In the machine learning framework, both regression and categorical models were constructed for FLI, using only the Centrifuge/GTDB data. The feature selection, hyperparameter optimization, and internal cross-validation methods were identical for both approaches, unless otherwise stated. The continuous or categorical FLI (groups of FLI < 60 and FLI ≥ 60) were modeled with xgboost 0.90.0.2,Citation90 by using both bacterial and archaeal balances, sex, age, and self-reported alcohol use as preliminary predictor features. We used FLI 60 as the cutoff for ruling in fatty liver (steatosis) for the classification, after Bedogni et al.Citation26 The data were first split into 70% train and 30% test sets while preserving sex and region balance. To take into account geographical differences (see, e.g., ref. Citation35) and to find robust patterns across all six sampled regions in Finland between the features and FLI group, we used Leave-One-Group-Out Cross-Validation (LOGOCV) inside the 70% train set to construct 6 separate models in each optimization step. Because of the high dimensionality of the data (3,423 predictor features), feature selection by filtering was first performed inside the training data, based on random forest permutation as recommended by Bommert et al.Citation91 Briefly, permutation importance is based on accuracy, or specifically, the difference in accuracy between real and permuted (random) values of the specific variable, averaged in all trees across the whole random forest. The permutation importance in models based on the six LOGOCV subsets of the training data was calculated with mlr 2.16.0,Citation92 and the simple intersect between the top 50 features in all LOGOCV subsets was retained as the final set of features. Thus, the feature selection was influenced by the training data from all six geographical regions, but this only serves to limit the number of chosen features because of the required simple intersect. This approach was used to obtain a set of core predictive features that would have the potential for generalizability across the regions. The number of features included in the models by this approach was deemed appropriate, since the relative effect size of the last included predictor was very small (<0.1 change in classification probability across its range).

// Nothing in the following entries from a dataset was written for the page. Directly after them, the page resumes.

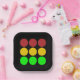 Stop red light, yellow caution yield light, go green with a bold jet black background colour.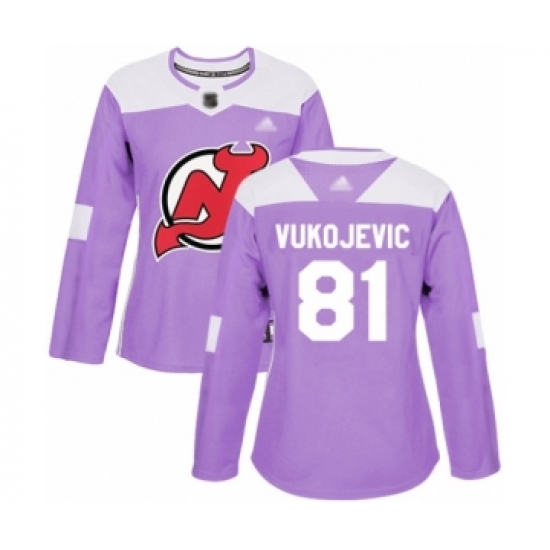 >Women's New Jersey Devils #81 Michael Vukojevic Authentic Purple Fights Cancer Practice Hockey Jersey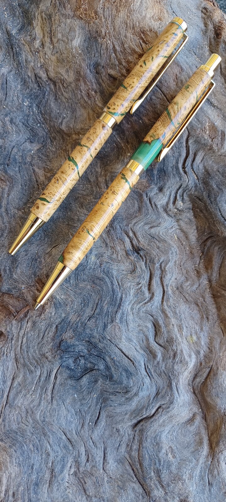 Ray-CA Member Joined Nov 14, 2020 Messages 359 Location San Diego CA, USA (SAN) Jun 9, 2022 #1 An Athel Tamarisk pen-pencil slimline set, olive on a Cigar and red oak burl on a copper Gatsby. All with a ca finish. The blank for the slimline was stabilized and cast for me my Kate Harrow. Can't say enough good things about her....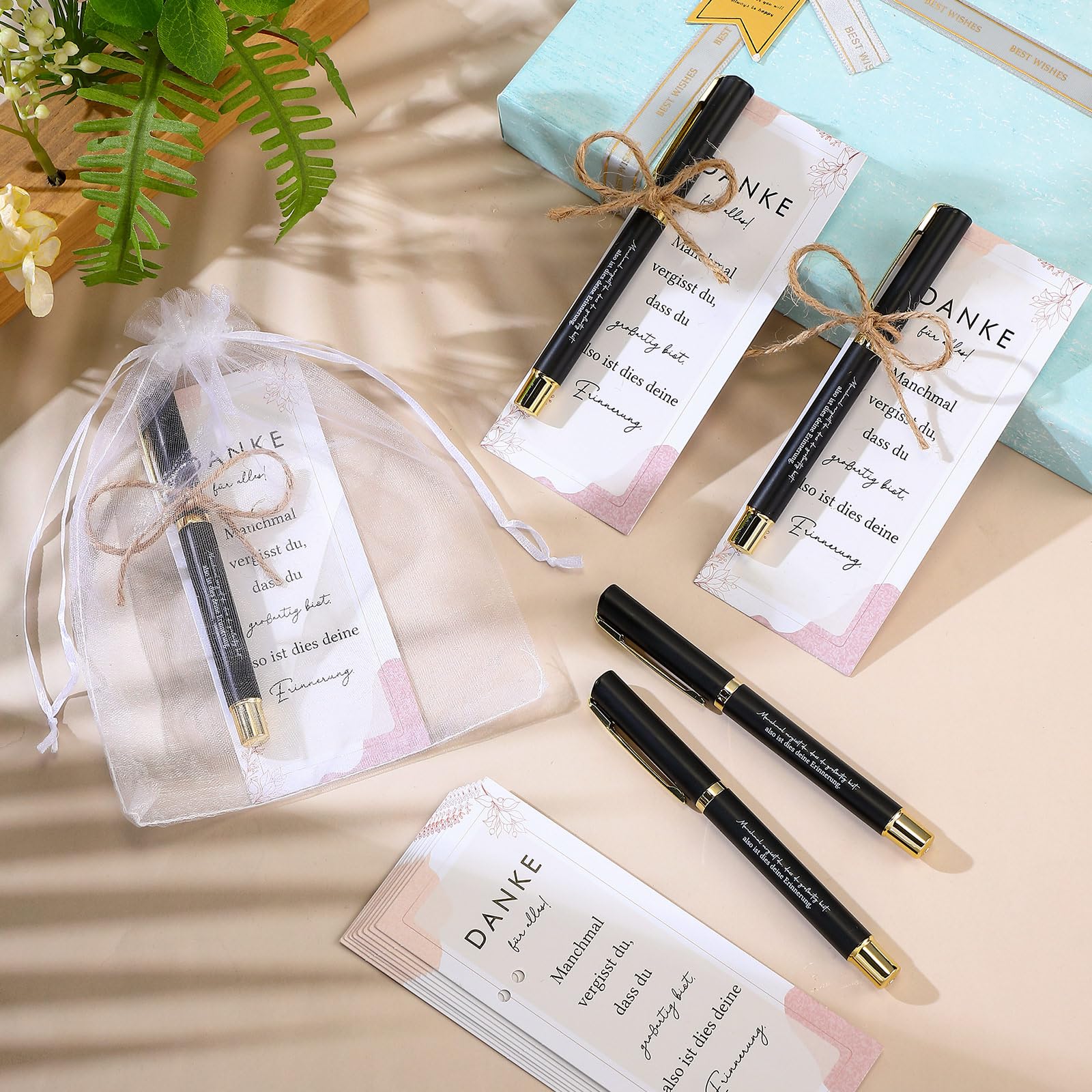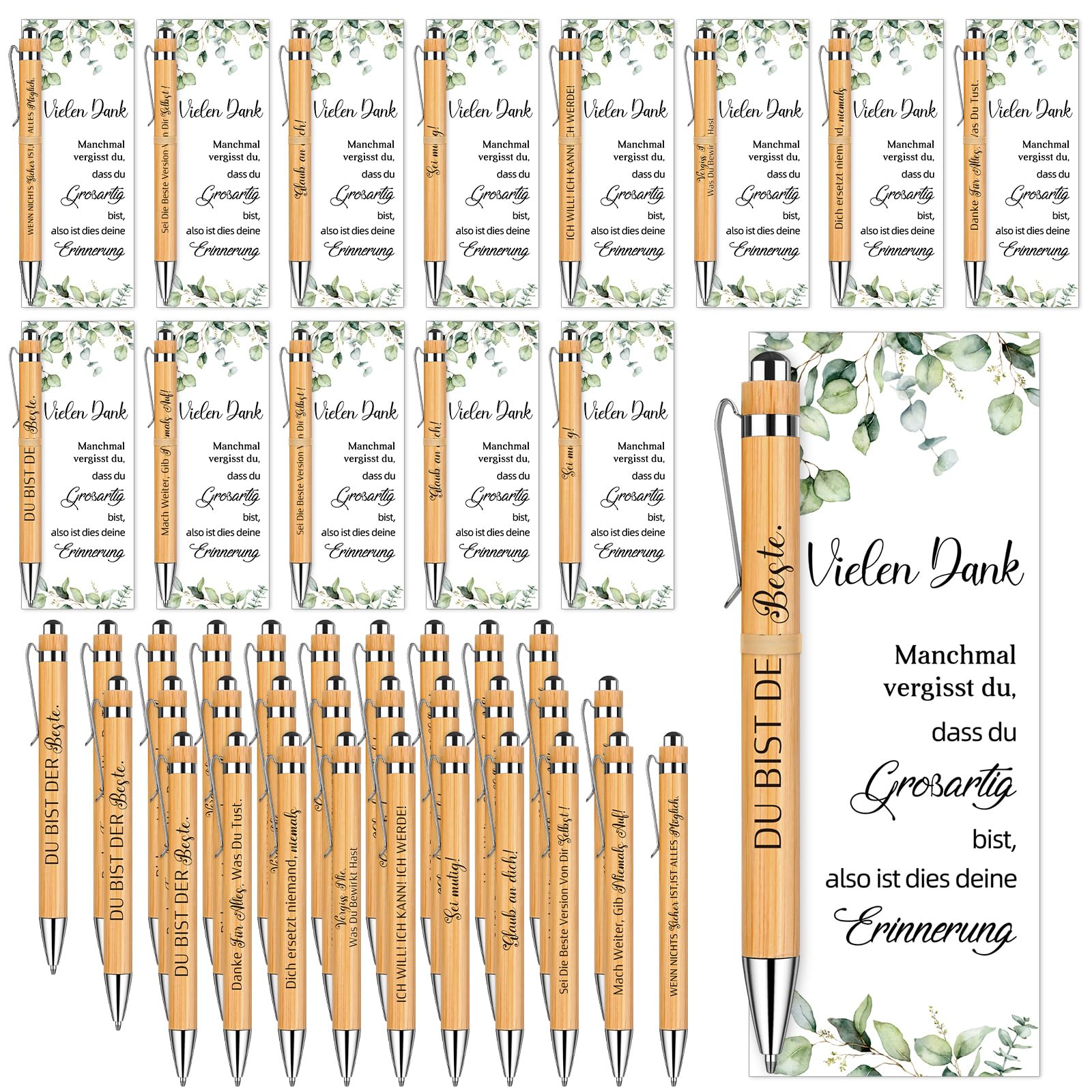Suchst du ein Geschenk, das wirklich von Herzen kommt? Diese 24 Glücksstift-Sets sind perfekt für Abschiede, Dankeschöns oder besondere Anlässe! Jedes Set enthält einen hochwertigen Holz-Kugelschreiber mit 'Glücksstift'-Gravur, der an eine inspirierende Karte gebunden ist. Die liebevollen Worte darauf erinnern daran, dass das Glück uns oft überrascht, wenn wir am wenigsten damit rechnen. Verpackt in eleganten weißen Organza-Beuteln mit Bastkordel - sofort versandfertig und total ansehnlich. Ob für Kollegen, die das Unternehmen verlassen, Schüler nach der Grundschule oder zur Hochzeit, Kommunion, Taufe - diese Stifte bringen Freude und bleiben in Erinnerung. Einfach praktisch, emotional wertvoll und super vielseitig einsetzbar!

Bayesian hyperparameter optimization of the xgboost models was then performed with only the selected features. An optimal set of parameters for the xgboost models was searched over all LOGOCV subsets with “mbo” in mlrMBO 1.1.3,Citation93 using 30 preliminary rounds with randomized parameters, followed by 100 optimization rounds. Parameters in the xgboost models and their considered ranges were learning rate (eta) [0.001, 0.3], gamma [0.1, 5], maximum depth of a tree [2, 8], minimum child weight [1, 10], fraction of data subsampled per each iteration [0.2, 0.8], fraction of columns subsampled per tree [0.2, 0.9], and maximum number of iterations (nrounds) [50, 5000]. The parameters recommended by these searchers were as following for regression: eta = 0.00889; gamma = 2.08; max_depth = 2; min_child_weight = 8; subsample = 0.783; colsample_bytree = 0.672; nrounds = 1,810, and for classification: eta = 0.00107; gamma = 0.137; max_depth = 5; min_child_weight = 9; subsample = 0.207; colsample_bytree = 0.793; nrounds = 4,328. We used Root-Mean-Square Error (RMSE) for the regression models and Area Under the ROC Curve (AUC) for the classification models to measure model fit on the left-out data (region) in each LOGOCV subset. Receiver operating characteristic and precision–recall curves for these validation metrics were calculated with “evalmod” in precrec v0.11.2.Citation94 The final models were trained on the LOGOCV subset training data, the data from one region thus omitted per model, and using the selected features and optimized hyperparameters. Internal validation of these models was conducted against participants only from the region omitted from each model, in the 30% test data which was not used in model training or optimization. Sensitivity analysis was conducted by using only the predictive covariates (sex and age) or balances separately, with the same hyperparameters, data partitions, and cross-region internal validation as for the full models.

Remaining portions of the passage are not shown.